GNOME Bugzilla – Bug 771060
gdk_cairo_draw_from_gl renders top and bottom halves swapped when scale = 2
Last modified: 2016-09-09 19:59:57 UTC
Created attachment 335119 [details] Screenshot showing the problem The clipped source y coordinate is miscalculated, leading the origin for the source to be offset, leading to this weird rendering result.
Created attachment 335120 [details] [review] gl: Correctly scale height when calculating clipped source y coordinate The v coordinate was being miscalculated, causing the origin for the source to be incorrectly offset on the y axis.
Ha! Good catch! Should it also take in account `buffer_scale`? (For reference, this is in the context of avoiding glReadPixels() in WebKit under Wayland, see https://bugs.webkit.org/show_bug.cgi?id=161530)
Pretty sure this is not the desired behaviour — actually, I'm pretty sure that this patch will break GtkGLArea if applied. The idea is that you're passing a texture (or a renderbuffer) object backing a framebuffer object, as well as its size, to gdk_cairo_draw_from_gl(); you have the responsibility to create the FBO and set it up so that it handles different scaling factors — for instance, see gtkglarea.c: https://git.gnome.org/browse/gtk+/tree/gtk/gtkglarea.c#n440 Then, GtkGLArea will use the scaled size of the target: https://git.gnome.org/browse/gtk+/tree/gtk/gtkglarea.c#n705
Review of attachment 335120 [details] [review]: The passed in width and height should already by scaled.

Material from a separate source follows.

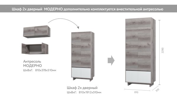 Двухстворчатый шкаф MODERNO (Марибель) - за 18 982 руб. в Нижнекамске. Купите на сайте nizhnekamsk.onlinemarketmebeli.ru или по телефону 8(800)505-30-63 уже сегодня! Уточнить наличие, комплектацию, актуальную цену можно бесплатно у менеджера ежедневно. Закажите Двухстворчатый шкаф MODERNO (Марибель) до конца акции! Доступна покупка в кредит, рассрочку. Доставим со склада или на заказ.
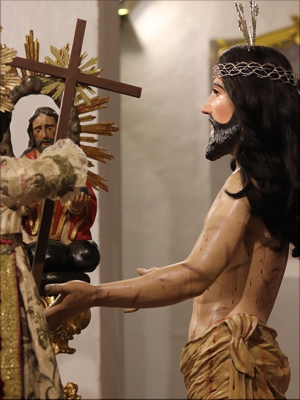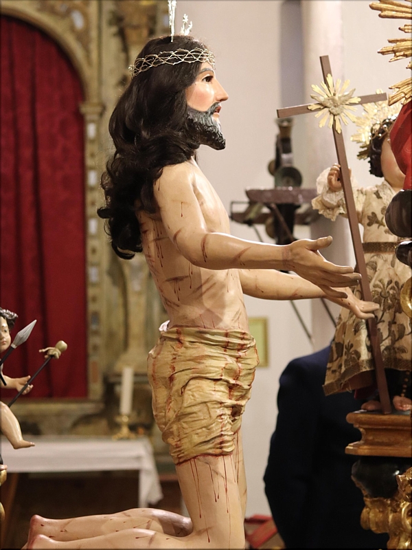 La restauración ha comprendido tanto la talla de Nuestro Padre Jesús de las Penas, titular de la Real Archicofradía de la Santa Vera Cruz de Cabra (Iglesia de San Juan Bautista), como la de las figuras que lo acompañan y la peana barroca tallada y dorada en oro fino en la que se asientan. Los trabajos han sido financiados gracias a las ayudas del Programa de Restauración del Patrimonio Cofrade de la Diputación de Córdoba del pasado año 2024, unas ayudas que han recibido 69 hermandades y que han contado con un presupuesto total de 657.156 euros. Otras intervenciones realizadas por la restauradora de Luque (Córdoba) con dicha financiación son las de Jesús Preso (Aguilar de la Frontera), Oración en el Huerto (Montalbán), Dulce Nombre de Jesús (Córdoba), Jesús Nazareno (Luque), Cristo del Amor (Almedinilla) y Amarrado a la Columna (Rute). La restauración de Cabra no solo ha recuperado los valores plásticos del singular conjunto escultórico de Jesús de las Penas, fechado a finales del siglo XVII o inicios del XVIII, sino también su iconografía original, que no es la de la Oración en el Huerto como se suponía, sino la alegórica del Varón de Dolores. Según Antonio Ramón Jiménez Montes, cronista oficial de Cabra, el grupo pudo pertenecer a la antigua Cofradía del Apocalipsis que estaba en el seno de la Real Archicofradía de la Santa Vera Cruz de Cabra. |

The documentation should really make it clearer.
Thanks, let me give that a go! I thought it was the expected behaviour because the function applies the window_scale to height and width in a lot of places. Also, I would expect to see issues on the x axis as well if the problem was with how the texture was made available, wouldn't it be the case? In any case, it does break GLArea.

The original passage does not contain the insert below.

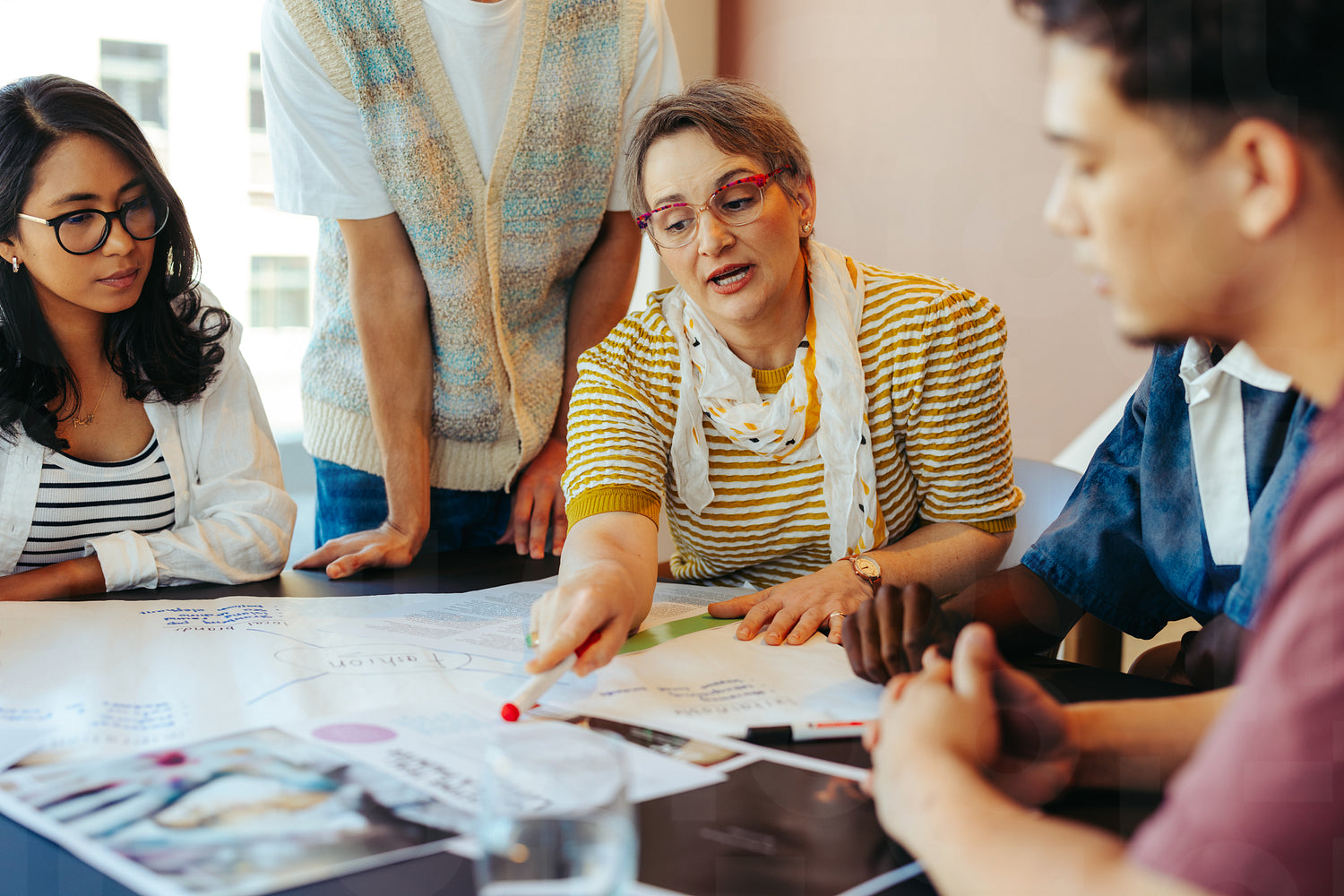 High school students engage in a collaborative classroom setting with their teacher, focusing on a group project discussion and brainstorming session.

Created attachment 335139 [details] [review] This patch fixes GLArea by addressing Emanuele Aina's catch that buffer_scale had to be taken into consideration. I believe this patch is correct now. The code is already prepared to handle buffer and window having different scales. In our case, the textu If you look at the code that we are touching with this patch, it is always reasoning about sizes with window scale applied. For instance: dest.x = dx * window_scale; dest.y = dy * window_scale; dest.width = width * window_scale / buffer_scale; dest.height = height * window_scale / buffer_scale; Note that it removes the buffer scale and applies the window scale. When the clipped_src variables are created, everything also has window scale applied: int clipped_src_x = x + (dest.x - dx * window_scale); int clipped_src_y = y + (height - dest.height - (dest.y - dy * window_scale)); The only variable lacking it is height, and it has dest.height, which is window scale, being subtracted from it, which is probably not what we want. So I scaled it to window scale. It broke GLArea because it provides a buffer with a scale of 2 - which we then have to remove, so we would have this: int clipped_src_x = x + (dest.x - dx * window_scale); int clipped_src_y = y + (height * window_scale / buffer_scale - dest.height - (dest.y - dy * window_scale)); However, if you look at the definition of dest.height you'll see that we are now subtracting dest.height from… dest.height. So it turns out we do not want that bit, we should just do what we do for the x axis. The reason why it worked before is buffer_scale == window_scale. Does this make more sense to you?
> if you look at the definition of dest.height you'll see that we are now subtracting dest.height from… dest.height Yes and no. :) &dest is passed through gdk_rectangle_intersect() so dest.height may no longer have its original value. It would make sense to store the scaled `height` in a variable to be used to initialize dest.height and again in clipped_src_y.
Erm. You're right, of course! We need that calculation to get the offset right due to the y axis being flipped. Also, the x and y variables outside the parens are not scaled to window scale. OK. So perhaps the problem is the opposite: we should be using buffer_scale for all of this. This would make sense given we use these variables with buffer-scaled variables later on. I'll be back =)
Created attachment 335188 [details] [review] gl: Fix calculation of clipped source y coordinate OK, I think this is as far as I managed to go. I brought back the subtraction em mentioned, which we need for drawing clipped. I tried improving the naming of the variables, but I am afraid I am not being able to come up with a better way of structuring the code. Anyways, this makes our code work without breaking GLArea.
After additional investigation I did find an issue with my code, so I guess ebassi was right on the spot. Thanks!